◆ Assigned task: Among the entries below, copy only the span from the line containing "Отметим, что согласно" through the line containing "猫咪陶瓷饮水机自动循环流动喝水不湿嘴宠物饮水器狗狗水盆猫用品 升级高边款-橄榄绿【兔子款1L 防湿嘴】". Do so exactly, and skip the pictures.

◆ Input data:
##########
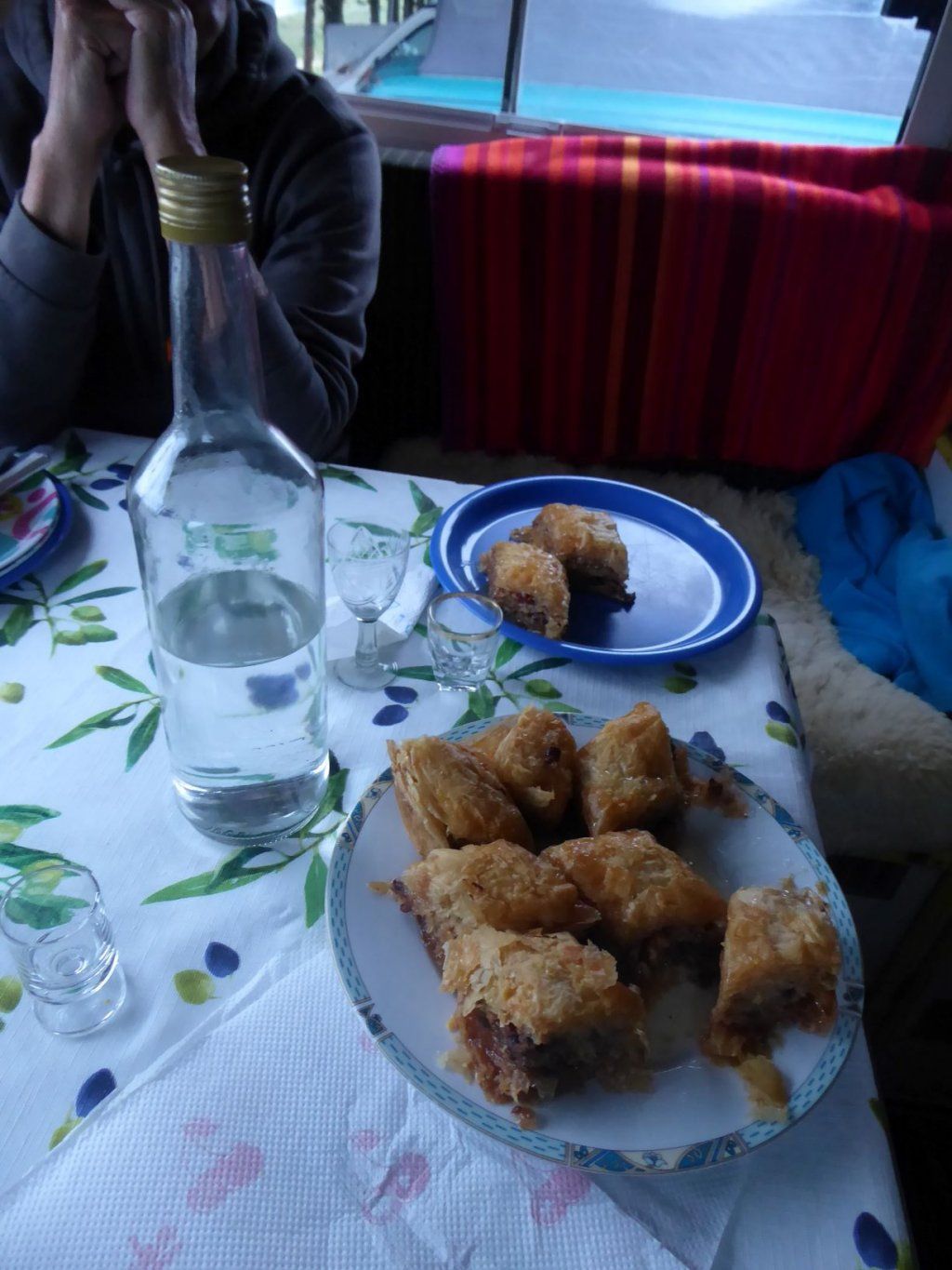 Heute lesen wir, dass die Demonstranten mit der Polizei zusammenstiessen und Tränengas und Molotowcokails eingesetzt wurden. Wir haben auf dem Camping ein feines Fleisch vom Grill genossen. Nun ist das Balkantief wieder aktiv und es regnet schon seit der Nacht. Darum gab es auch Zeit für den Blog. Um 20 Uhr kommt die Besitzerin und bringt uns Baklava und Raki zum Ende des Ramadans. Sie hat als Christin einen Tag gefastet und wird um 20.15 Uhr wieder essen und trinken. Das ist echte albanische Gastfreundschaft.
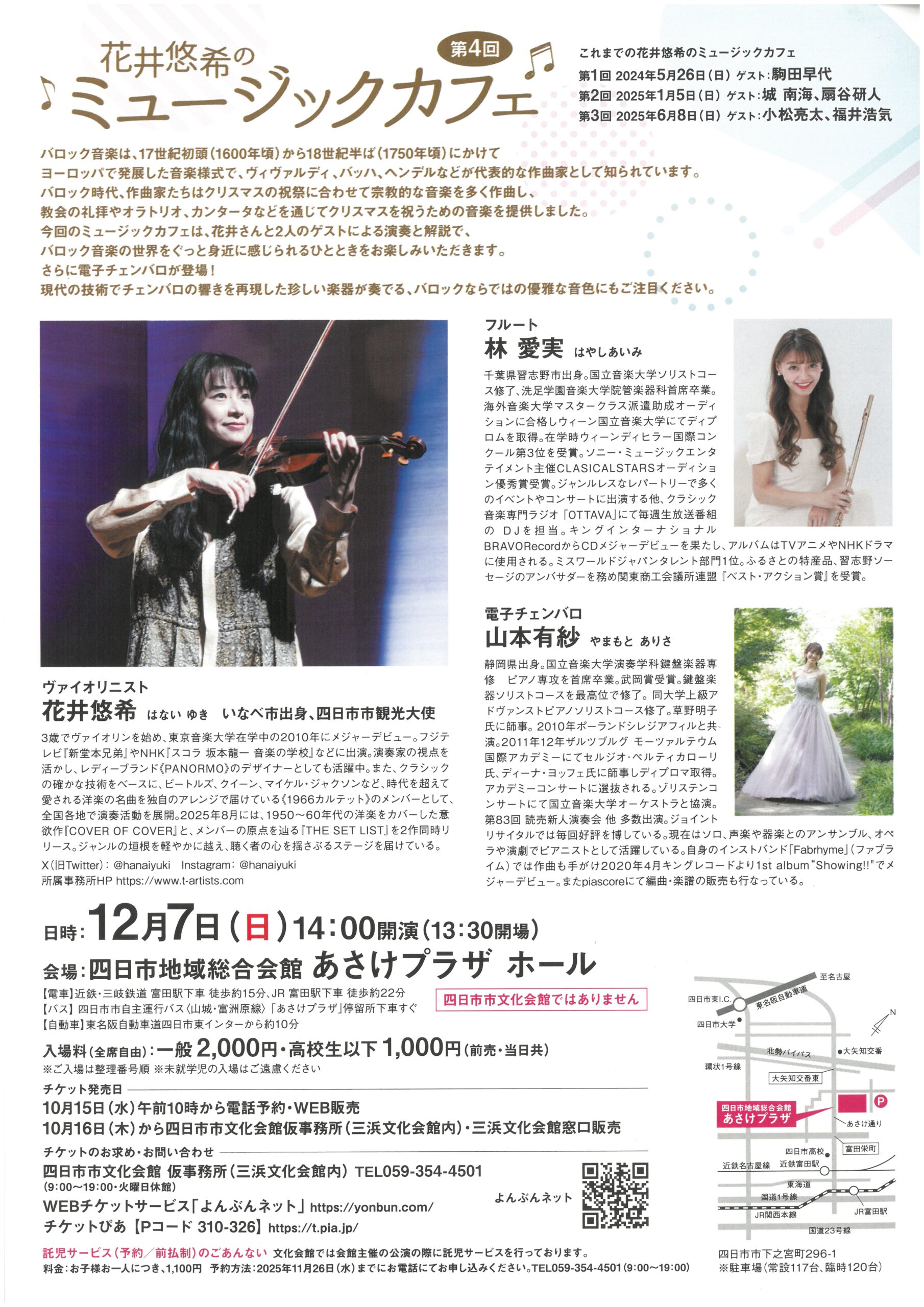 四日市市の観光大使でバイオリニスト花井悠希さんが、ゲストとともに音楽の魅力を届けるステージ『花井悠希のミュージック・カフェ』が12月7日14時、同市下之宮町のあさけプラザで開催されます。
##########
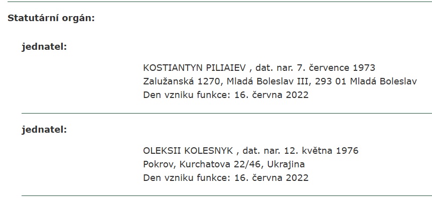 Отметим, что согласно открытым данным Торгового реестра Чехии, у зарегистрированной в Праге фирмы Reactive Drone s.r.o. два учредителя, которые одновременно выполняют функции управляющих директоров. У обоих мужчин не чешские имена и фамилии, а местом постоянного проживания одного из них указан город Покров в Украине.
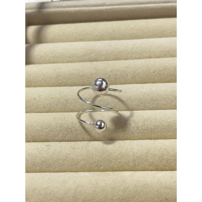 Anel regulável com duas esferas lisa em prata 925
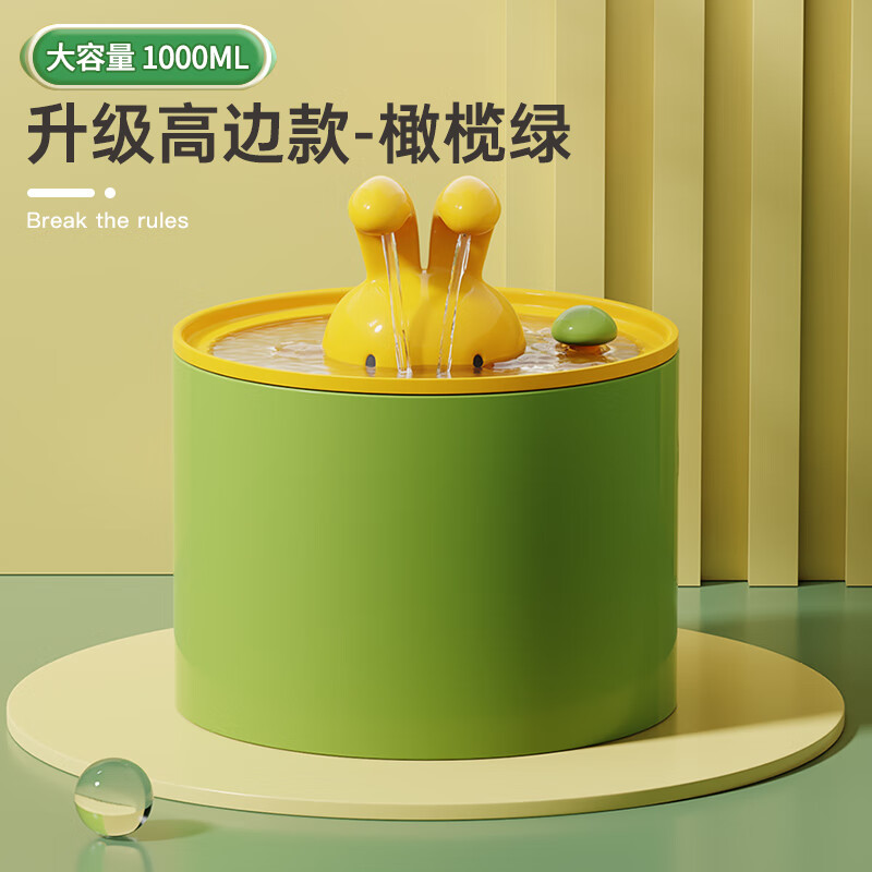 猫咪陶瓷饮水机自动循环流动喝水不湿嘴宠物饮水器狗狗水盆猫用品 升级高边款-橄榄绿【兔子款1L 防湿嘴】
##########
◆ Solution for this problem:
 Отметим, что согласно открытым данным Торгового реестра Чехии, у зарегистрированной в Праге фирмы Reactive Drone s.r.o. два учредителя, которые одновременно выполняют функции управляющих директоров. У обоих мужчин не чешские имена и фамилии, а местом постоянного проживания одного из них указан город Покров в Украине.
 Anel regulável com duas esferas lisa em prata 925
 猫咪陶瓷饮水机自动循环流动喝水不湿嘴宠物饮水器狗狗水盆猫用品 升级高边款-橄榄绿【兔子款1L 防湿嘴】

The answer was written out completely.